Rashi Khanna playing Angel Aarna, a Tik Tok star, is funny in her first two scenes and then is reduced to the usual dumb caricature that is the fate of female protagonists in our movies. She is allowed a couple of scenes to express her anguish and anxiety towards the selfishness of Sai’s family, but that’s it. She is an extremely underrated actress, almost a natural, whose acting skills are overlooked in favour of her ‘cuteness’. Someone please write a couple of decent roles for her? We haven’t seen her doing much after Oohalu Gusagusalade.

The movie doesn’t bore you, let me put it straight. Where it falters is in the black and white treatment of the complexities of a large family. The self-effacing father who brings up the motherless children and the selfish children stereotype who do not think of him is overdone in this movie, leaving out any scope of sentimentality to brew at any point. That sucks out the soul out of the ‘pandaga’ this movie talks about. Their transformation is all too sudden as well. Contrast this with an Oh Baby, where Rao Ramesh plays a son who may not be perfect but has that spark of affection for his mother and that’s what helps deliver the emotional turmoil of the climax. There is nothing like that here, and that leaves you with a not-so-satisfied feeling.

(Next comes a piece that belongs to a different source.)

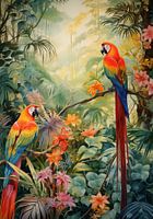 Deze kunstzinnige representatie van een jungletafereel met papegaaien is een visueel feest dat een overvloed aan kleur en leven viert. De levendigheid van de papegaaien - in schakeringen van vlammend oranje, diepblauw en verzadigd rood - vormen het middelpunt van de compositie. Hun verschijning is niet alleen een toonbeeld van natuurlijke pracht, maar dient ook als een symbool voor de exotische mysterie van de tropen.

Sai’s relationship with his grandfather goes deep, so deep he is ready to let go of anyone and everyone for his grandfather. One or two scenes of grandpa-grandson playing around in the flashback (why do they have to be in black and white, I cannot understand) don’t cement that bond. We needed more. Thaman’s music gives us one hummable song and not much beyond that. Neither the beauty of Godavari’s verdant landscapes nor the simplicity of a joint family in a large ancestral house has been captured with sincerity, making the cinematography come across as a job done for the cheque rather than for the heart.

All in all, Prati Roju Pandaage is a movie worth a watch, giving you a few laughs and reminding you of something you already know, in a not so novel way. So, how impressive it feels to you is adversely proportional to how low your expectations are.

Disclaimer: This review was not paid for or commissioned by anyone associated with the series/film. TNM Editorial is independent of any business relationship the organisation may have with producers or any other members of its cast or crew.